We were essentially using it in-house as a tool to speed up our own development, because the experiments we were running were very, very complex. It essentially spun out of our own internal requirements, such that we built this series of software tools, which now comprises of a language itself.
So Antha is now a high-level programming language, which is designed to be approachable for biologists, and to simplify a lot of those complex, low-level instructions which you need to fully describe the process from the abstract concept of what the process means. For example, if you're doing a construct assembly in which you want to stitch five DNA parts together by cutting them with particular restriction enzymes, and then ligating them with a particular ligase enzyme, the high-level process is essentially, mix these five liquids together with these volumes, and apply some simulation to test whether the actual generated sequences are going to produce a viable product.
Whereas in reality, when you come to run that in the lab, there's all sorts of low-level details which you want to capture but are a burden to manually record. Looking at the specific plate used, the specific stocks, what flow rates you're pipetting at, how many times you mix the sample... All of these sorts of tacit knowledge which often the experts in the lab that carry out these procedures have but won't necessarily record.

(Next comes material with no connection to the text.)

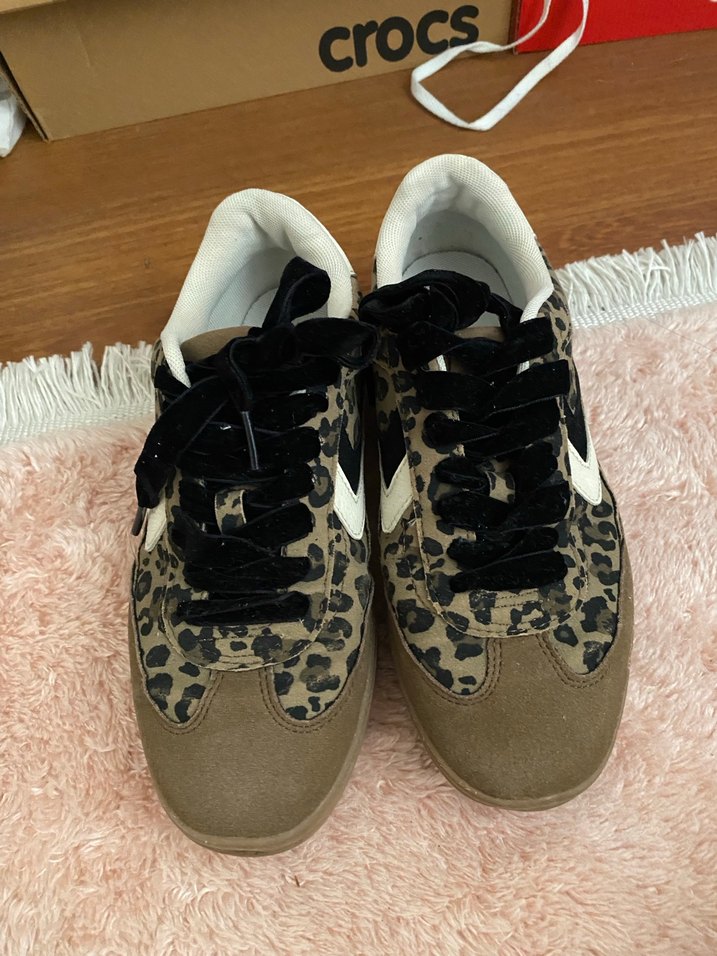 Leopar Desenli Tüylü Topuklu Spor Ayakkabı

So, the language was designed to be expressive enough to describe the actual concept of what you're trying to do, and then leave a lot of the low-level details off for the system to decide at run time, so then you can transfer processes to different instruments, where you might map those low-level details in a different way, depending on the instrument. Also, it becomes easier to record what happened in those experiments, because you're not relying on the person to go back and record what they did. It's being recorded as you run the experiment, so you're capturing a lot more of the details which are critical to successfully reproducing a piece of work.
RM: Is data kept within Antha's cloud, meaning it can be transferred between researchers?

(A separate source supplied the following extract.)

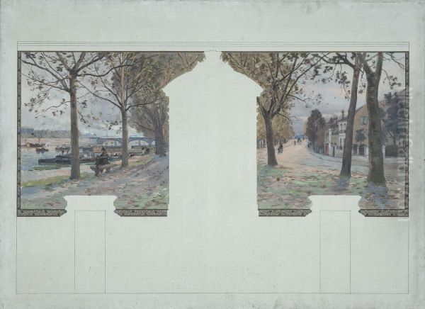 Esquisse pour la salle des fetes de la mairie d'Asnieres : Paysage. Quais de la Seine a Asnieres

CG: The details would be something that could be transferred. All those low-level details are still captured, either in the system policy or in the metadata, when you come to run an experiment. So that is available to then transfer to different labs or different environments.
RM: How does Antha incorporate machine learning?
CG: It can provide a structured dataset of exactly what you did in one run, and also compare it to previous runs which may have used the same set of conditions, or different conditions, or a campaign of parallel experiments deliberately perturbed under different conditions, so then you can upload this data to cloud or local machine learning platforms. The key thing is that Antha provides that structured dataset that gives you the flexibility to apply the appropriate machine learning for that use case.
A lot of machine learning falls down, really, because it's only as good as the data it was trained upon. If you upload data which has been manually run, or run using different environments, then there's a lot of holes and unknowns which can produce variability.
You get a lot of unexplained behavioral differences that way, whereas the key thing with our system is that we're producing very structured datasets so that you inherently get less noise, and less unknown variability between different datasets. You have a more reliable means to generate useful insights.
RM: Zooming out from Antha, tell me about how Synthace came together.
CG: Back in 2011, it formed in the labs of University College London (UCL). Three of us, Sean Ward, Markus Gershater and myself, were all in different departments in UCL. We came together, and we all had a sort of common philosophy about how we felt biology and process optimization should be carried out, all learning from each other's disciplines.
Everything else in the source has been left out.